How useful is zero order gradient descent? Why?
> Not effective
> Slow
What is the equation for first order gradient descent?
x_(t+1) = x_t - η∇f(x_t)
Explain the usefullness and benefits of second order gradient descent
> Extremely computationally intensive when you have a lot of varaibles
The benefit is that it takes a single (idillic) step in the right direction.
Often easier to just take lots of small steps
When do you stop with gradient descent?
When the change in the gradient is less than a threshold
What is the learning rate?
This is the step size
What is the effect of the size of the learning rate?
If the step is too large you can travel too far and overshoot the minimum error.
This can cause diversion
What is the effect of local minima?
There are multiple values each with a different minma. Gradient descent does not take this into account so it will converge on a local minima which may not be the smallest minima.
What can we do to prevent local minima?
We can restart learning with random initial weights and it will converge on a different minima
What is the issue with calculating gradient using E(X) = ∑ | y_n - t_n | ?
The equation (E(X) = ∑ | y_n - t_n |) is pievewise constant. So even if we improve the classification, if there is no change in error then it appears not to improve. The equation is not linearly differentiable so it has no gradient.

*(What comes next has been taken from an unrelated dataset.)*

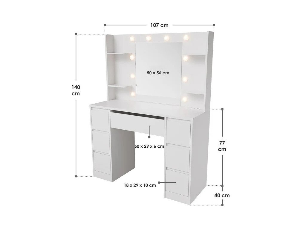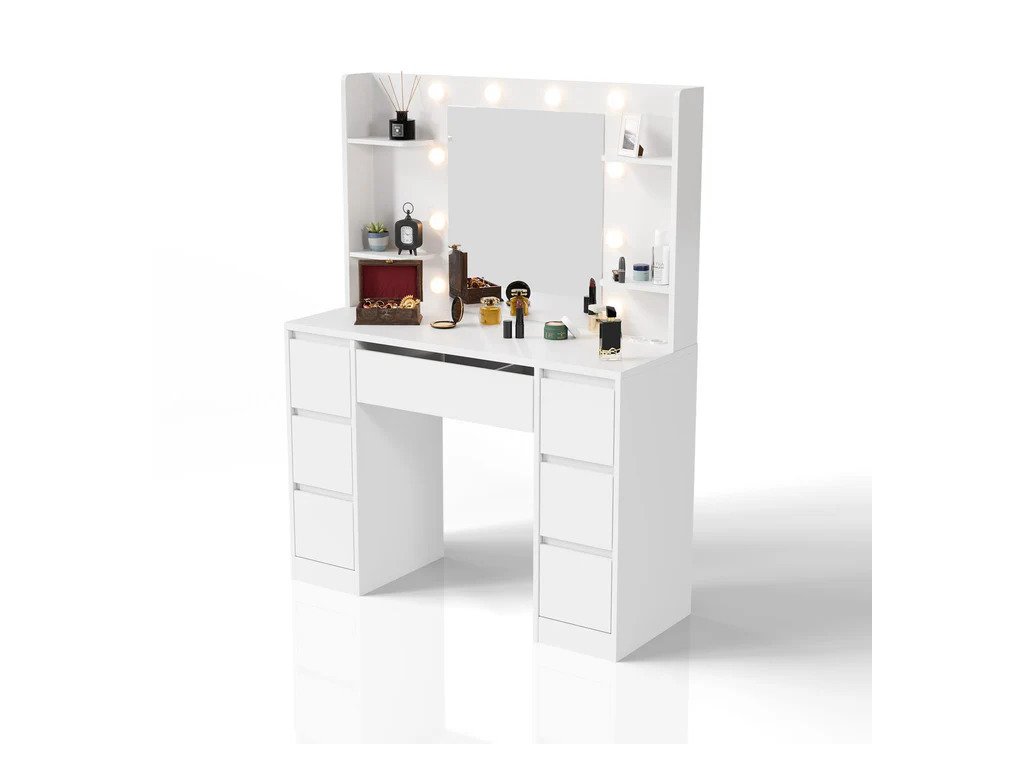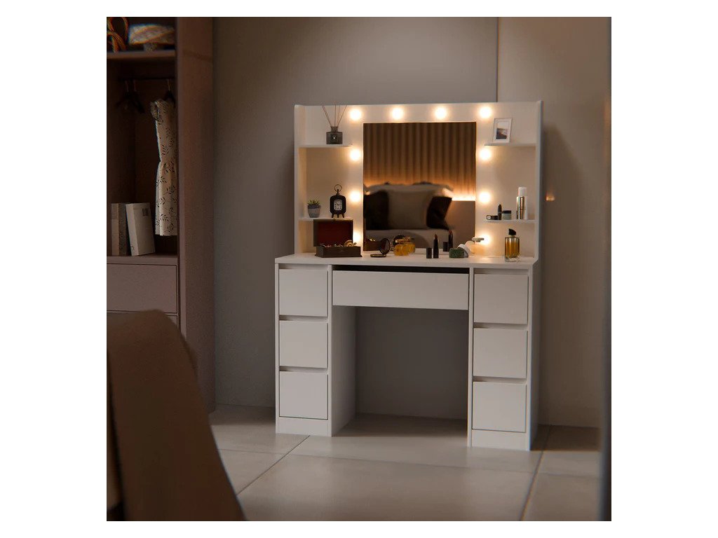 Elegáns sminkasztal LED tükörrel és hét fiókkal

How do we measure error where the value is continuous even if the number of misclassified points does not change?
By measuring how close each point is to the decision boundary
What is the equation for calculating the distance of the misclassified point ot he decision boudnary
> x = x_p + d×w/||w|| > (x - x_p)||w|| / w = d > d = distance to hyper place > w = vector perpendicular to the hyper plane > x_p = point on hyper plane > x = misclassified point
What is the new equation to calculate the total distance of all misclassified points?
E(X) = ∑ (w^T x_n + w_0)
What is the new function for the error that is differentiable?
E(X) = ∑ w^T x_g (y_n - t_n)
What is the equation of the gradient of the new error function?
E(X) = ∑ x_g (y_n - t_n)
What is the gradient descent function with the new measurement of error?
w_k+1 = w_k - η × ∑ x_g (y_n - t_n)
What is the issue of using this equation ( w_k+1 = w_k - η × ∑ x_g (y_n - t_n) ) for gradient descent?
It requires a lot of computation because eac h point needs to be calculated
How do you reduce the amount of computation for gradient descent?
Using stchastic gradient descent
What is stchastic gradient descent?
Instead of minimising the total error, we randomly select points and minimise the average error of those points
What is the equation for calculating the average error?
E(X) = 1/N ∑w^T x_n (y_n-t_n )
What is the equation for stchastic gradient descent?
w_(k+1) = w_k - ηx(y - t)
What is the benefit of stchastic gradient descent? What is the trade off? What will happen overall?
Benefit: It uses much less computational power
Trade off: Sometimes the error can increase
Overall: The error will trend downward